**WHAT IS REQUIRED**: At the line that holds "MÁY ÉP CHẬM", start repeating, and keep going exactly through the final line of the material; include both ends and skip the pictures.

**RECORDED DATA**:
[Start of Attachment]

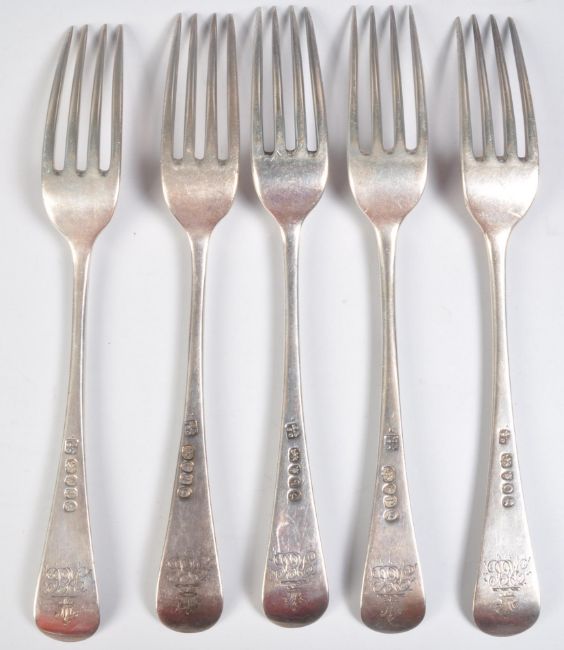 A group of five 19th Century George Smith (III) & William Fearn forks each having engraved initials to the verso of the terminals. Hallmarked London 1829-1831. Measures 19cm. Total weight approx 326g.
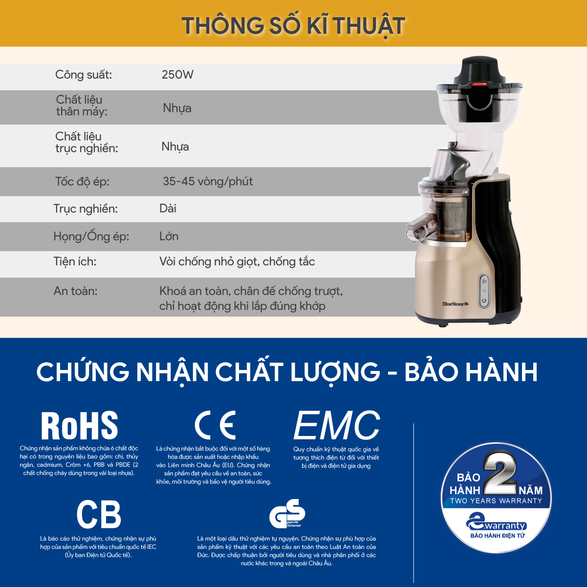 MÁY ÉP CHẬM CAO CẤP BLUESTONE SJB-6578 - TÂN BINH ÉP KIỆT TRONG LÒNG NGƯỜI TIÊU DÙNG
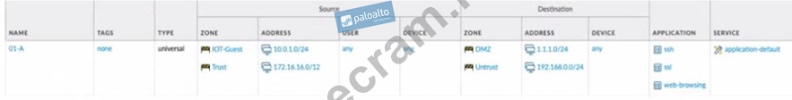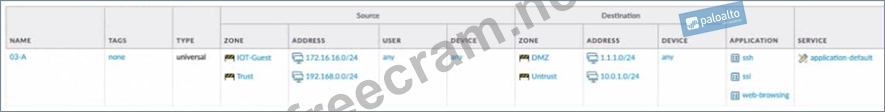 View the diagram. What is the most restrictive, yet fully functional rule, to allow general Internet and SSH traffic into both the DMZ and Untrust/lnternet zones from each of the lOT/Guest and Trust Zones?

[End of Attachment]

**RESPONSE TO THIS TASK**:
 MÁY ÉP CHẬM CAO CẤP BLUESTONE SJB-6578 - TÂN BINH ÉP KIỆT TRONG LÒNG NGƯỜI TIÊU DÙNG
 View the diagram. What is the most restrictive, yet fully functional rule, to allow general Internet and SSH traffic into both the DMZ and Untrust/lnternet zones from each of the lOT/Guest and Trust Zones?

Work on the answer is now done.